As I mentioned prior, in the coming weeks, I plan to blog about items and happenings from the ‘do you remember’ posts I see on Facebook. With that in mind, I may give a story from my own life regarding the items or happenings. Perhaps this will trigger a memory or two of your own.
Last blog I mentioned to take a moment to think about ice cream and running out to the truck for a treat on a hot summer day. One of the ‘do you remember’ posts I recently saw had to do with the ice cream truck ringing the bell or playing music as it traveled from street to street.
I lived in Chicago and also out in the suburbs. In the city, I remember a few different types of ice cream vendors. One was coming around in a big truck selling soft cones, I think it was Tastee Freeze or Mr. Softee; the other rode a large trike with a box of treats on the back; the third I recall and my favorite was the Good Humor Man. There was just something about the man in the white truck and white uniform that seemed so appealing. I don’t think I ever saw a stain on any of their uniforms. Good Humor offered a variety of delicious frozen items such as a Toasted Almond bar on a stick; the original chocolate and vanilla bar on a stick; ice cream sandwich and the one I enjoyed was a watermelon flavored frozen bar on a stick. Somehow it made those hot, humid summer evenings cool and refreshing.
One story that makes me chuckle about Good Humor did not occur during my childhood years, but when I graduated high school and began my first job. I still lived at home like many of my friends and had younger siblings like a few also. My half-sisters were ten and twelve years my junior. It was the summer after high school that the incident happened. I just got home from work (I commuted from the suburb where I lived to downtown Chicago). The total trip was over an hour. One evening I arrived home as the Good Humor Man began his slow drive down our street. My sisters wanted a treat but my mother was too busy to listen to their pleas; my step-grandmother was out someplace that evening. As I walked up our driveway they came running out to me begging me “please buy us ice cream’ they both cried. I thought well okay, why not. So I took them out to the curb and the truck stopped.
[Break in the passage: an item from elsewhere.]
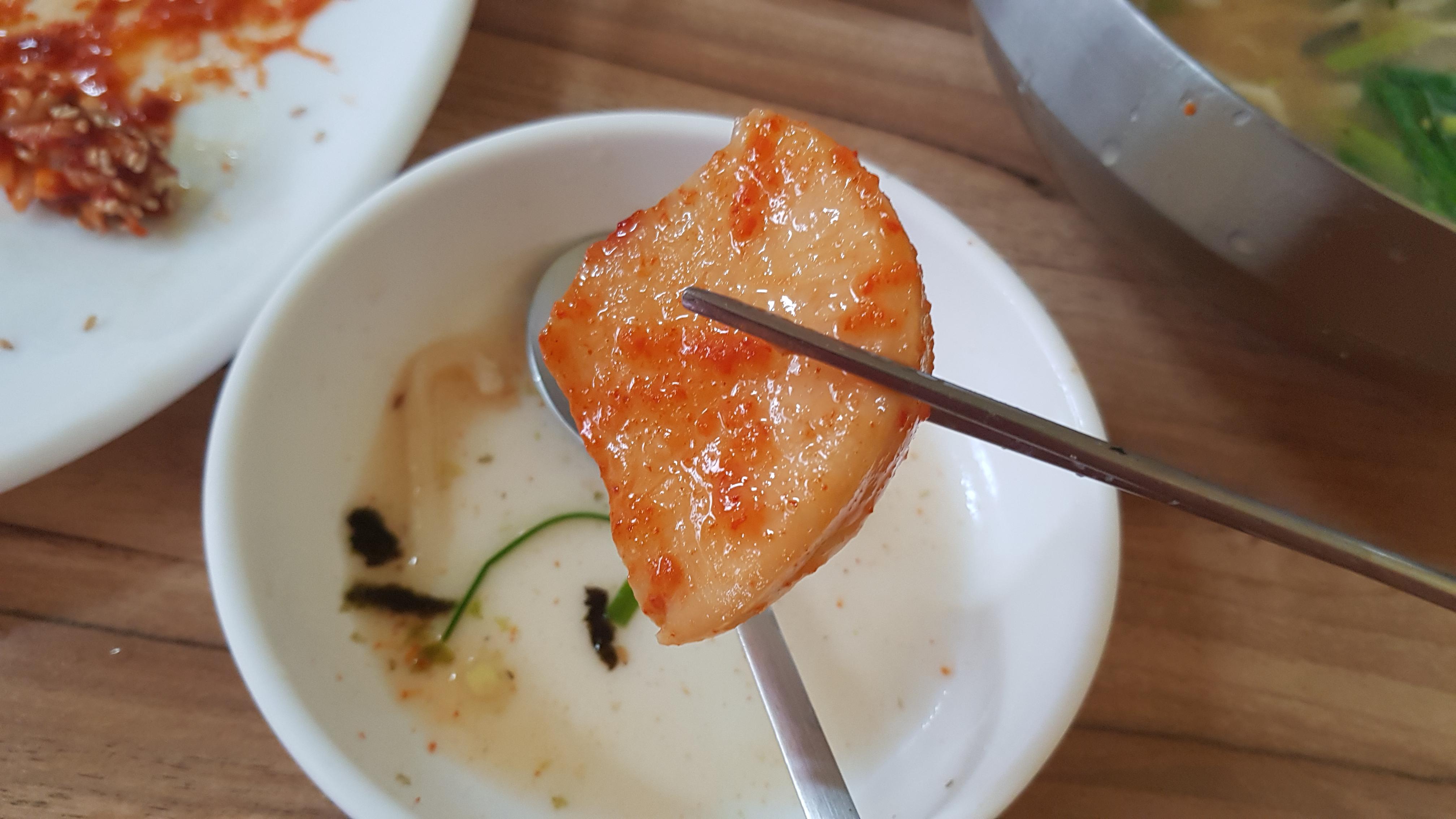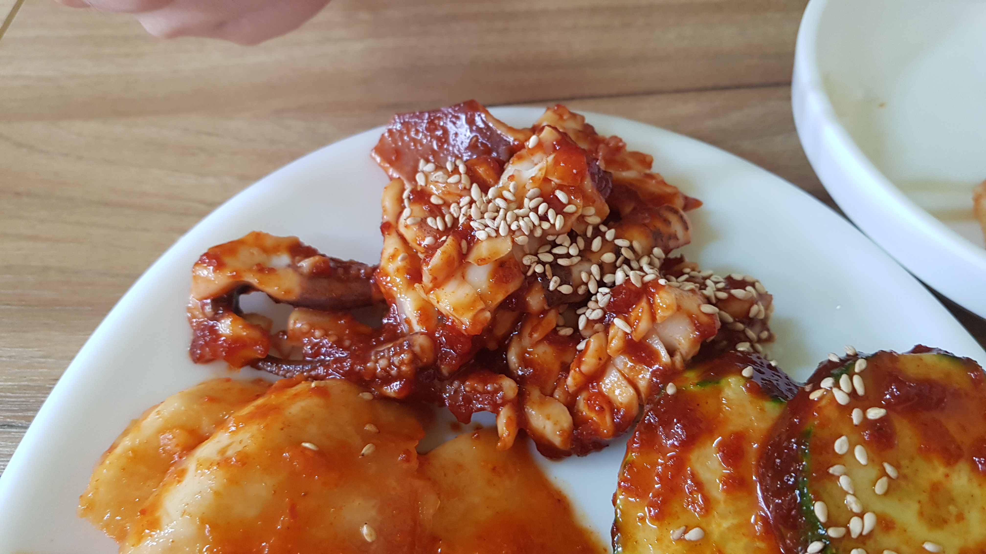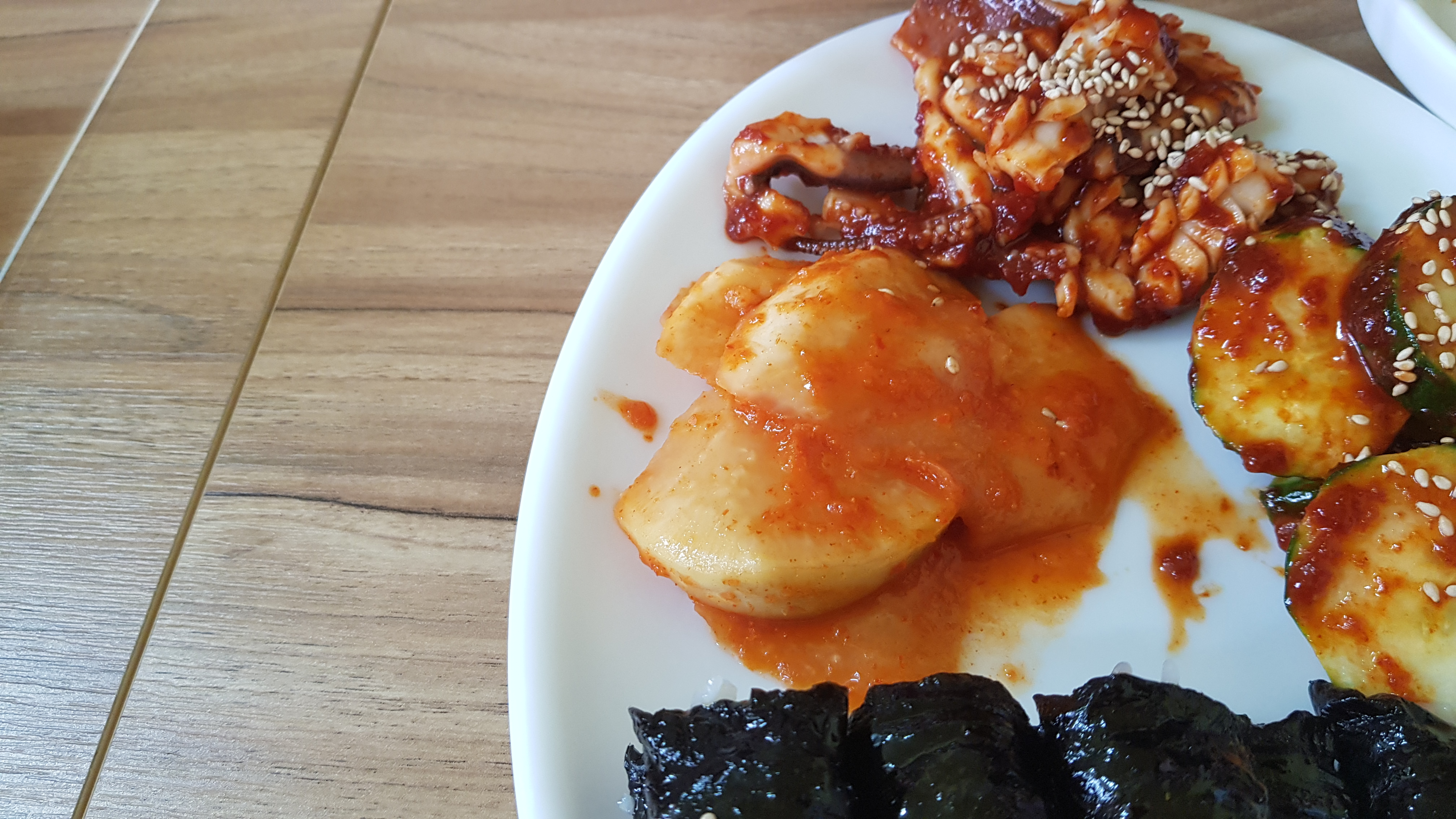 충무김밥과 함께나온 석박지가 맛있다. 칼국수와 함께 먹어도 맛있어서 그릇에 올려두고 국수 한젖갈에 석박지 한입씩 먹어간다.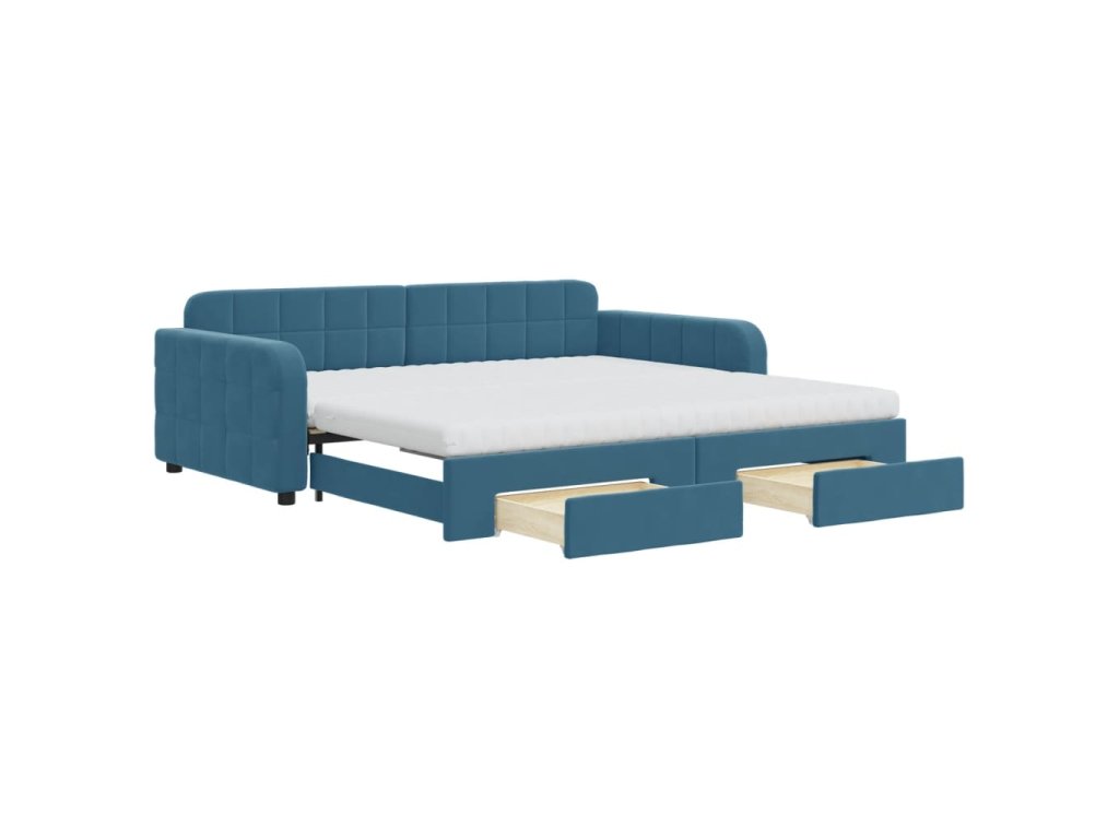 Válenda s přistýlkou a zásuvkami modrá 100 x 200 cm samet 3197007

It was then I got the shock of all shocks. The driver was not the typical older man who usually drove on our street but a young man of about twenty-two. In my opinion he was a hunk. My sisters got their treat and I asked the driver if he was the new driver in our area. He said, he worked our area during the summer now three days a week. (Yes I did get the days he would be in the area). I called one of my friends (she too had a sister nine years younger). Over the course of that summer on the days this hunk drove the truck, my sisters would get treated to a Good Humor product. My friend would come around to visit about the time the guy would be on our street and her sister also would get the benefit of a tasty treat. The driver thought my friend and I were just the best sisters ever in how we would make purchases for our younger siblings. If he only knew it was just a chance to see him.
My friend and I learned a lot about the driver during that summer. We found out he had a girlfriend; he was a college senior; a possible candidate for the draft. August arrived and the driver had left the employ of the Good Humor people to return to his last year of school
I always wondered if he caught on to the real reasoning behind the being nice to the younger siblings. If he did, he kept it to himself.
The days of the Good Humor Man, like the dinosaur are in the past. You can purchase their products now at the store along with a variety of other frozen favorites. A few years ago, I picked up a package of Good Humor bars, my husband enjoyed them; for me there was something missing. No doubt it was the fact I purchased them from the grocery store and not from the man in the spotless white uniform driving the white truck.
My grandkids will never know the thrill of standing on the curb, waving one little hand while the other tightly holds on to the money to pay for a summertime treat. Of course back in my day it costs less then a dollar for my siblings to enjoy a treat; no doubt today it would be five or more dollars.